10/12/2009

A dialética da feijoada no rabo do porco

Feijoada acaba com a gente. Por isso o dia é sábado, quando se pode jiboiar. Mas, dizem, foi inventada por escravos. O paradoxo: escravos trabalhavam de sol a sol, como criariam coisa indigesta por vontade própria? Comiam mesmo o pão que o diabo amassou; não podiam contribuir para a dieta nacional. “Contribuição” supõe liberdade; sem ela não há criação literária ou culinária.

A feijoada deriva do “feijão gordo” enriquecido ao extremo, a ponto de se tornar prato único. Ela só é compreendida dentro do seu ritual: feijão preto e pertences, a caipirinha de cachaça (moeda líquida do tráfico negreiro) e a evocação histórica da nacionalidade. A mini-feijoada de boteco na quarta-feira retroage, volta a ser feijão gordo.

No final do século 18 carioca, a alimentação dos escravos está lastreada no feijão preto, farinha de mandioca, laranjas e bananas; além das carnes secas ou toucinhos que os próprios negros podiam comprar com o produto da venda das suas hortaliças. A origem deve ter sido essa. Mas, um século depois, ela ainda não era um “prato completo”, segundo Câmara Cascudo que sugere que ela se difundiu como tal em hotéis e pensões.

Foram os modernistas que projetaram a feijoada como prato nacional. Eles tinham necessidade enorme de novos signos para a brasilidade. A questão estética e política era “acharmos a nossa expressão” em vários planos, e nada melhor do que o popular feijão, a evocação do cozido português, dos embutidos e pedaços de porco, além da couve.

Mário de Andrade, em “Macunaíma” (1928), desenhou uma cena imorredoura: a feijoada na casa do fazendeiro Venceslau Pietro Pietra. Uma alegoria da cozinha nacional e daqueles seres étnicos que o Brasil colocou em contato. O festim é presidido por Venceslau (peruano, italiano, Piaimã), um demônio devorador de gente ou “comedor de identidades”, conforme interpreta a crítica literária. O tema da antropofagia, da deglutição cultural, esteve presente em toda a produção modernista e a feijoada é um caso particular seu.

Este festim de Macunaíma foi magnificamente carnavalizado no filme homônimo (1969), de Joaquim Pedro de Andrade. E a graça da evocação continuou com Vinicius de Moraes (“Feijoada à minha moda”), que ensinou, em versos engordurados, como fazer uma feijoada sabática.
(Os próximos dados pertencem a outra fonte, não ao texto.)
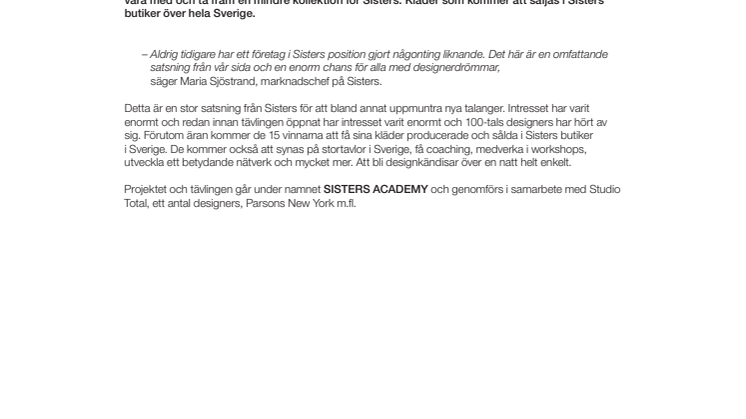 – Aldrig tidigare har ett företag i Sisters position gjort någonting liknande. Det här är en omfattande satsning från vår sida och en enorm chans för alla med designerdrömmar, säger Maria Sjöstrand, marknadschef på Sisters.
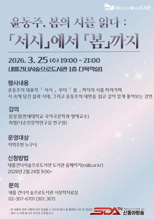 [½Åµ¿¾Æ¹æ¼Û ÀºÆò±¸=À̽ŵ¿±âÀÚ] ¼­¿ï ÀºÆò±¸´Â ´ÙÀ½ ´Þ 25ÀÏ, ³»¸¦ °Ç³Ê¼­ ½£À¸·Î µµ¼­°ü¿¡¼­ ¡®À±µ¿ÁÖ, º½ÀÇ ½Ã¸¦ Àд٠– ¡º¼­½Ã¡»¿¡¼­ ¡ºº½¡»±îÁö¡¯ °­¿¬À» °³ÃÖÇÑ´Ù°í ¹àÇû´Ù.
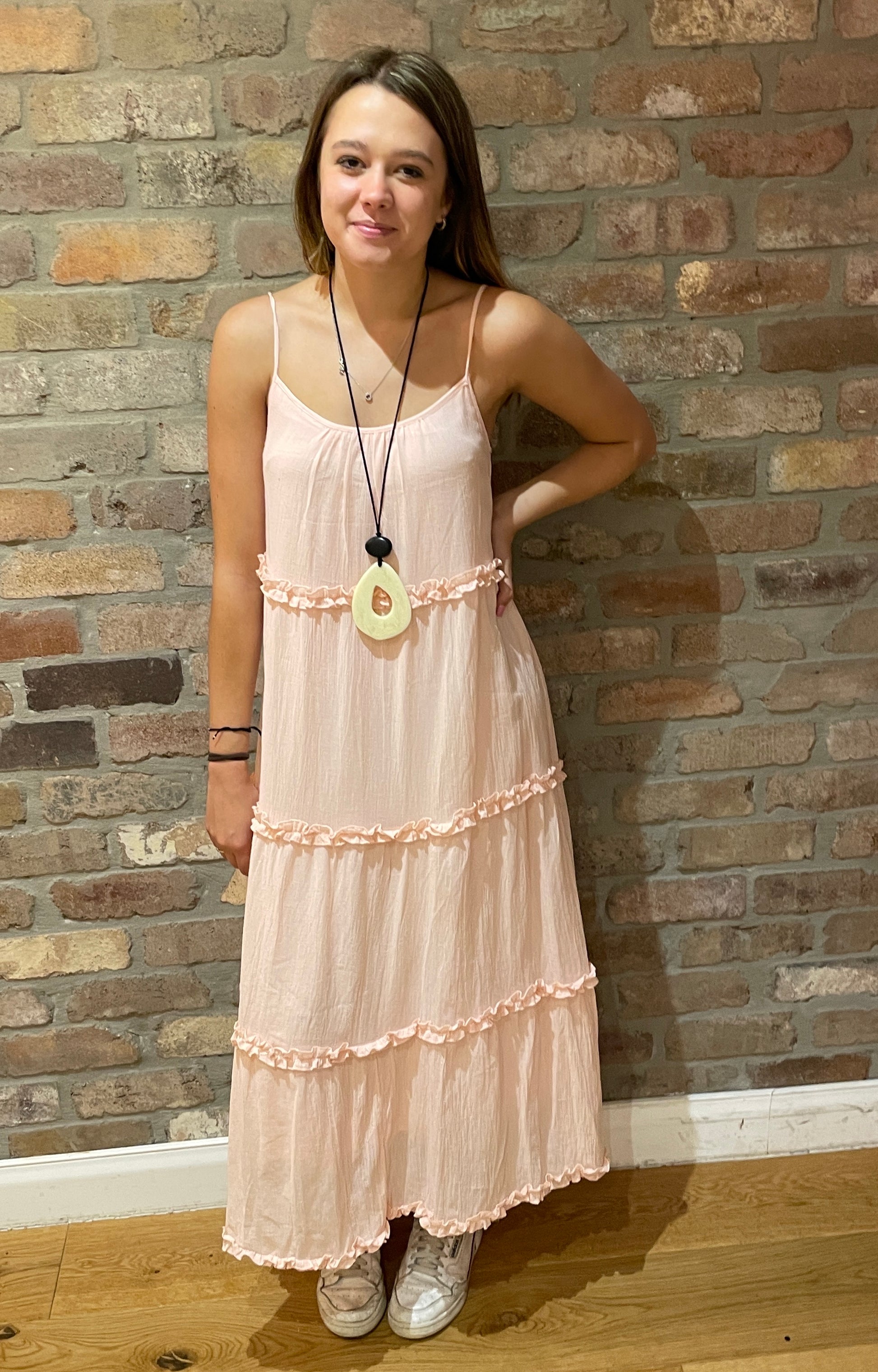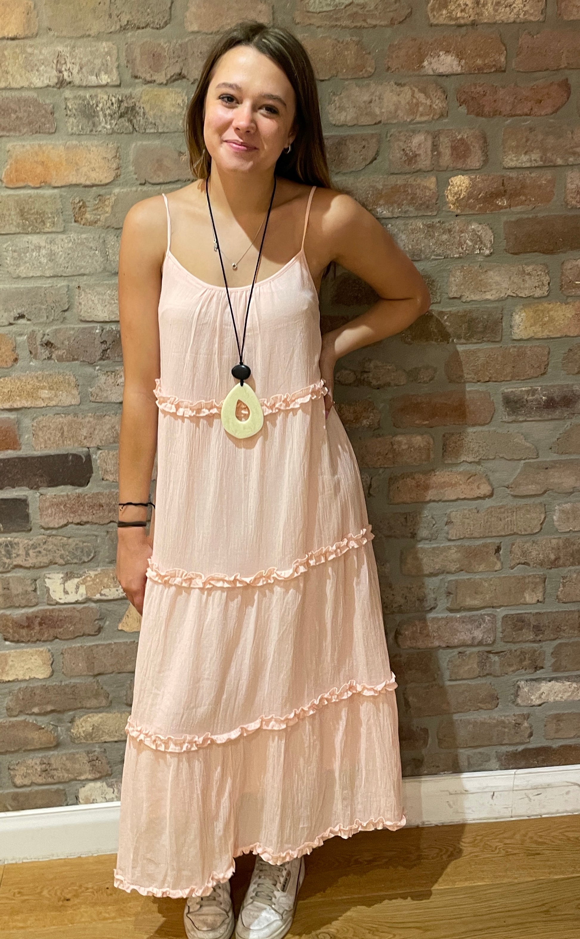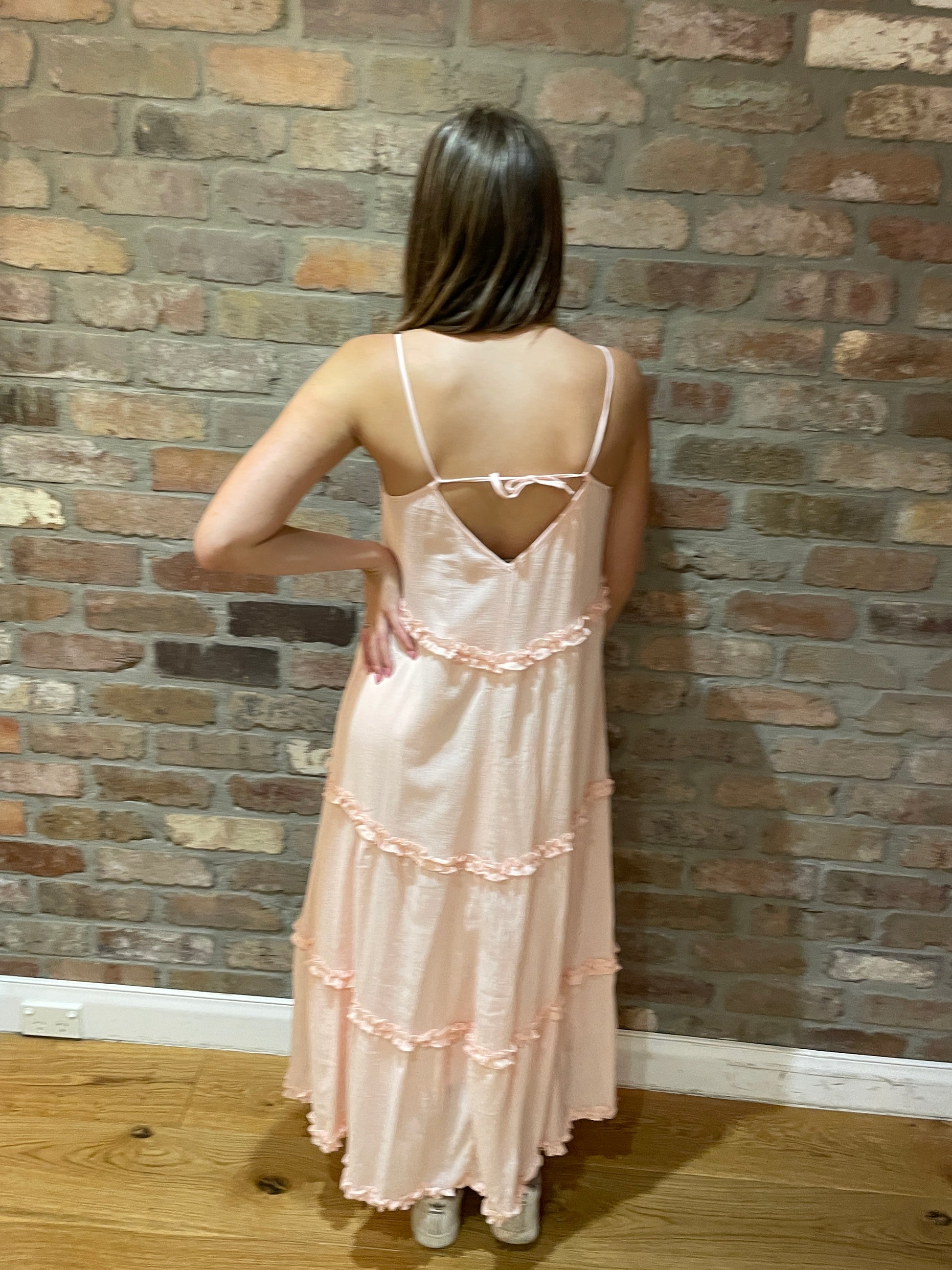 The maxi has adjustable straps that tie at the back. Skirt is frilled.

O feijão é coisa quase universal. Mas enquanto o preto e o rajado “igualam” as classes sociais, o fradinho e o jalo diferenciam preferências de ricos e pobres. Feijão preto é dominante somente no Rio de Janeiro e Rio Grande do Sul. O tempero relevante da feijoada é a propriedade metonímica de reter o passado de escravidão na cor do feijão, subvertendo o seu sentido. Dentro e no entorno, a feijoada congraça índios, negros e brancos, esquecendo que se comiam: uns foram dizimados, outros feitos escravos; outros, sempre colonizadores cruéis. A feijoada, como alegoria, é o substrato alimentar da irmandade mística dos contrários - a nação mestiça - desejada e vista como original do Brasil desde “Casa-grande & senzala” (1933) de Gilberto Freyre. Coisa de intelectuais, estamos entendidos.

E nada mais “cabeça” do que a “Dialética da Feijoada” (1986), de Renato Pompeu, com o prato feito metáfora das relações de classe e da dependência diante do imperialismo. Como escreveu, “consagrada pela intelectualidade influenciada pela industrialização [ela] tem de enfrentar outros pratos simbólicos e a sua afirmação como prato nacional-popular tem de ser considerada ainda um processo em andamento”.
Joãozinho Trinta, o carnavalesco, poderia reformular sua frase célebre: “quem gosta de pobreza, e da riqueza da feijoada, é intelectual”. Porque pobre celebra mesmo com churrasco de boi, a carne dos ricos, e cerveja. Assim, as classes sociais se devoram, de modo cruzado, à mesa. Da deglutição restam, incólumes, só os ossos do ofício e os do rabo do porco.

(Folha de São Paulo, Mais!, 06/12/2009)

1 comentários:

Breno Raigorodsky disse...

Legal. Quem quiser comer o cochinillo do Rubayat ou encomenda com 3 dias de antecedência ou ataca de feijoada, porque ele é servido desde que foi incluído no cardápio da casa sob o empinado nome de babypork.